Every applicant has a story. A moment. A memory. A fantasy. And this question is designed to test whether yours is built on hotel breakfasts and uniform envy, or whether you understand the role well enough to actually live it… and survive it.

We’ve touched on the importance of cabin crew habits. Now it’s time to ask what the profession means to you.

When you’re ready, noses against the glass — let’s peer past the glamour, past the Instagram-ready moments, and into the reality of that coveted clipped wing.

Dateline: Fifteen minutes later.
Still standing outside Virgin’s entrance.
Second cigarette.

Inside VHQ, a flight attendant is wearing my forever uniform. If I position myself just right, I can sort of align my glassy reflection with hers and, if I use my imagination, her clipped wing perches on my chest, her buttons trail my torso, and my face wears her hair.

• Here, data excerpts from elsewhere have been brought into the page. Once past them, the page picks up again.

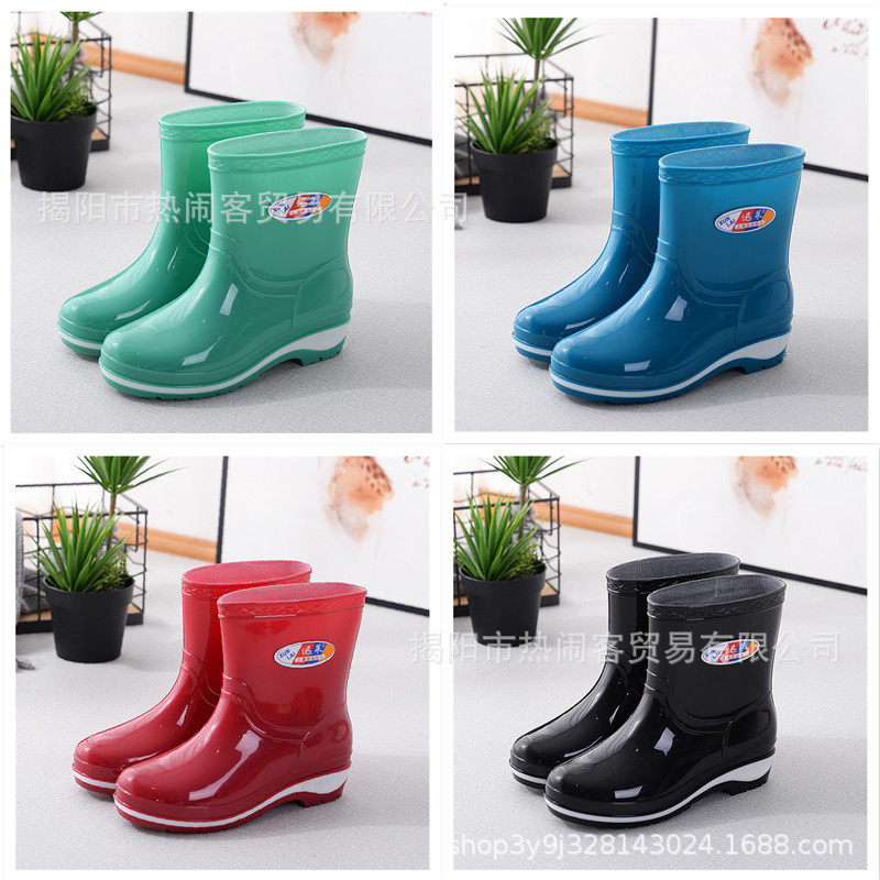 夏の中筒ファッション女性雨靴田園滑り止めゴム靴厨房母靴労働保護女性水靴カバー足雨靴女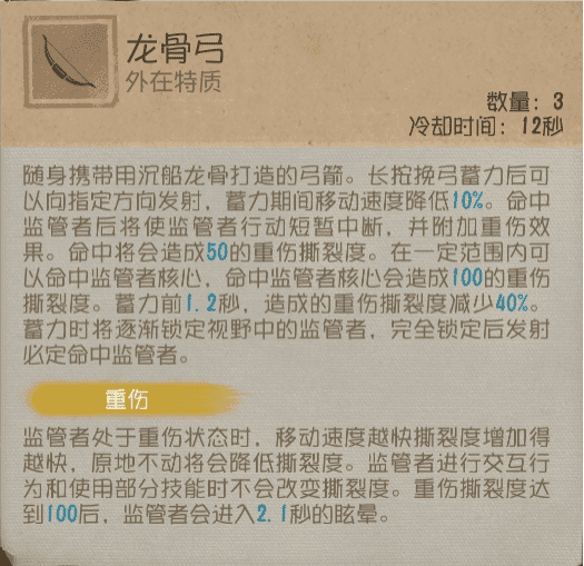 ③重伤状态下监管者正常移动时撕裂度增长较为缓慢,在使用龙骨弓命中监管者后先正常进行牵制,等撕裂度较高时再考虑转点;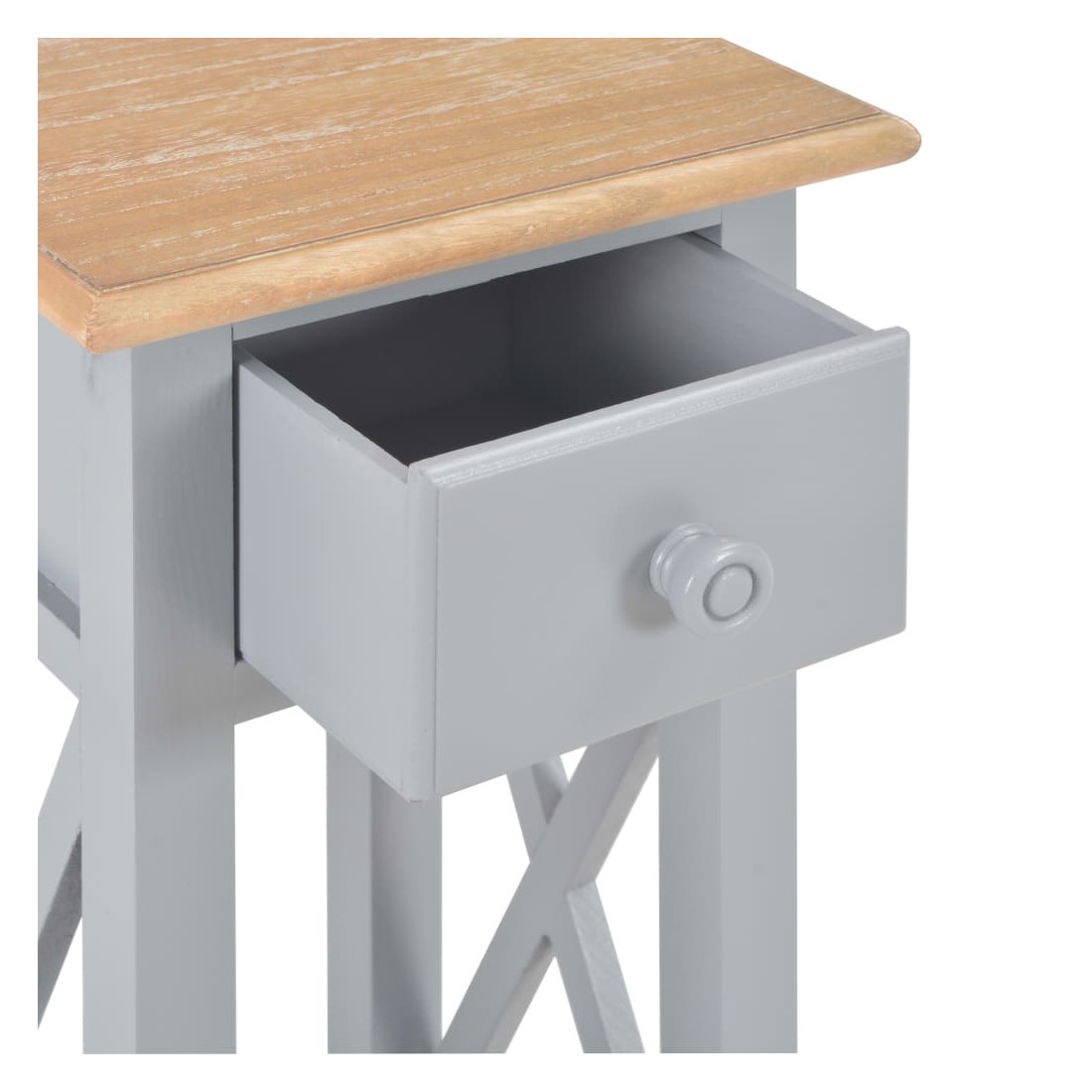 Cette belle table d'appoint sera un excellent supplément à votre entrée ou salon. Elle peut être utilisée comme espace de stockage pour les téléphones, pots de fleurs et autres objets décoratifs. La table d'appoint présente un excellent artisanat combiné avec la fonctionnalité. Le tiroir vous offre un espace supplémentaire pour vos ornements, cosmétiques et autres effets personnels. Cette table d'appoint est faite de pinède de haute qualité avec la finition peinte grise pour la durabilité, qui vous donnera des années de service.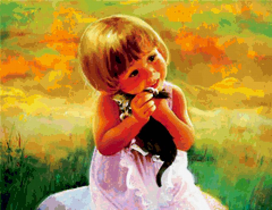 Схема вышивки «девочка с котенком» (№415927)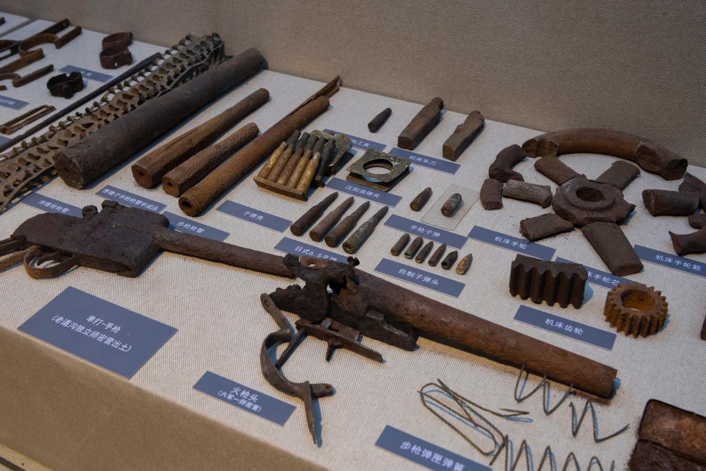 记者在抗联体验馆二层的七星山地区抗联展示区看到了机床齿轮、步枪枪管、药瓶、缝纫机头等各类抗联文物,斑驳锈迹诉说着岁月沧桑。

The door flings open and a gaggle of cabin crew billow out. They board a crew bus, bound for London Gatwick, South Terminal.

Maybe those are trainees. Oh! Perhaps we will get our uniforms today.

Okay, I’m ready for my fitting, let’s do this.

I flick the half-smoked cigarette to the ground, crush it under my platform, linger in the afterglow of crew perfume, then teeter inside.

Ground School
I ♥ Uniforms

I ♥ uniforms.

The first uniform to seduce me was my school uniform. That should tell you everything you need to know about my childhood. And high school career week just so happened to land on no-uniform week. During which, I was the only pupil still wearing mine — because…well, let’s not unpack all that here. Suffice it to say, I clung to mine like a comfort blankie. It kept my secrets, secret. Smoothed out the curve that marked me as different — as long as you didn’t look too closely at the rest of me.

There I sat, in my mismatching shoes, in two different sizes, wearing the remaining mess that was my home-cut hair when out slipped a slew of magazine clippings, each containing a medley of mouth-watering airline colours. It was like piercing the seal on a fresh tin of assorted chocolates before all the good one’s are gone.

United Airlines — creamy Milky Bar Buttons.

TWA — rich, golden caramel.

PSA — strawberry cream and orange fondant.

Everything chic, everything coordinated from their hair to their boots.

Crimson lips.

Matching hats perched at a precise, flirtatious angle.

Even the smiles had a brand name: the Pan-Am smile.

They weren’t just wearing uniforms…Those girls were the uniforms.

It seemed like airlines had decoded the entire mystery of womanhood — and were running secret charm farms to transform ordinary girls into polished Trolley Dollies. I, meanwhile, was still trying to work out how to repurpose a felt tip pen as eyeliner.

That was the pivot point. I stopped playing with Dad’s dolls… and started chasing my own dolly fantasy.

Ground School
Complimentary Uniforms with a Side of Delusion

Wow, what a dreamer I was back then. Nose pressed to glass like a Dickensian orphan watching a family carving Christmas turkey. And that origin story makes it a little tricky to answer interview questions. Partly because I didn’t really know anything about the actual job. I only knew what it looked like. The surface-level fantasy.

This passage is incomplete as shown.